East Asia's recovery in 1999 and 2000 has been no less dramatic, though much less publicized, than its economic reversals in 1997 and 1998.

Triggered by the collapse of Thailand's baht in July 1997, four economies that had high positive GDP growth in 1996 experienced negative growth (between 5 and 12 percent) in 1997 and 1998. Asset values in these "crisis" countries—Thailand, Korea, Malaysia, and Indonesia—plummeted by about 75 percent owing to currency depreciation, deflated equity, and property valuations. Averaging over the four economies, an asset worth $100 in June 1997 was worth only $25 a year later.

The turnaround of the East Asian economies by the second quarter of 2000 was extraordinary. Korea, Thailand, and Malaysia currently have growth rates equal to or above those of 1996. Indonesia's growth—about 5 percent annually—is surprisingly high as well as shaky because of civil and military unrest in Timor, Atjeh, and Ambon and the ambiguous position of Indonesia's military establishment.

Other indicators of the recovery's strength abound. Capital inflows have resumed, in the form of direct investment rather than debt. Korea, for example, which was almost closed to foreign direct investment before the turmoil of 1997, received $15.5 billion in FDI in 1999, five times the level in 1996. The current accounts of the four economies are now positive, their foreign exchange reserves are above those held in 1996 (except Indonesia), and their currencies, whose exchange rates are now flexible rather than artificially pegged, have regained 50 percent or more of their precrisis values.

The recovery is all the more impressive because the Japanese economy—long viewed by many as the essential engine for East Asia's recovery—continues to stagnate.

Although the East Asian economic picture is rosy, serious soft spots still exist in addition to Indonesia's problems. Korea's large and amorphous chaebols still require reform, as well as explicit nonpreferment in access to credit or other benefactions. One-third of Thailand's bank loans are "nonperforming." Malaysia's Mahathir has perhaps only temporarily backed away from his belief in tightly regulated capital markets.
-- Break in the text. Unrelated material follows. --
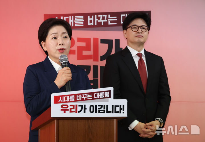[서울=뉴시스] 조성봉 기자 = 국민의힘 대선 1차 경선에서 컷오프된 양향자(왼쪽) 후보가 23일 오후 서울 여의도 캠프 사무실에서 한동훈 제21대 대통령 선거 국민의힘 경선 후보 지지를 선언하고 있다. [email protected]

Nevertheless, the upward trajectory of the Asian economies is likely to endure because of five lessons—four tactical and one strategic—that appear to have been learned from the debacles of 1997–98. (1) As a form of foreign capital inflow, direct investment is far preferable to debt. (2) When borrowing abroad, the repayment period should not be shorter than the yield from the uses to which loans are put . (3) Don't borrow in foreign (hard) currency for purposes whose yields do not generate foreign currency, (at least not without ample foreign exchange reserves). (4) Don't peg domestic currency to the U.S. dollar (unless fiscal and monetary policies and institutions are strong enough to support the peg). (5) In charting development strategy, eschew the so-called Japan development model, which predicated resource allocations not on the basis of market criteria of costs and returns but on nonmarket-based preferment for particular firms or industries.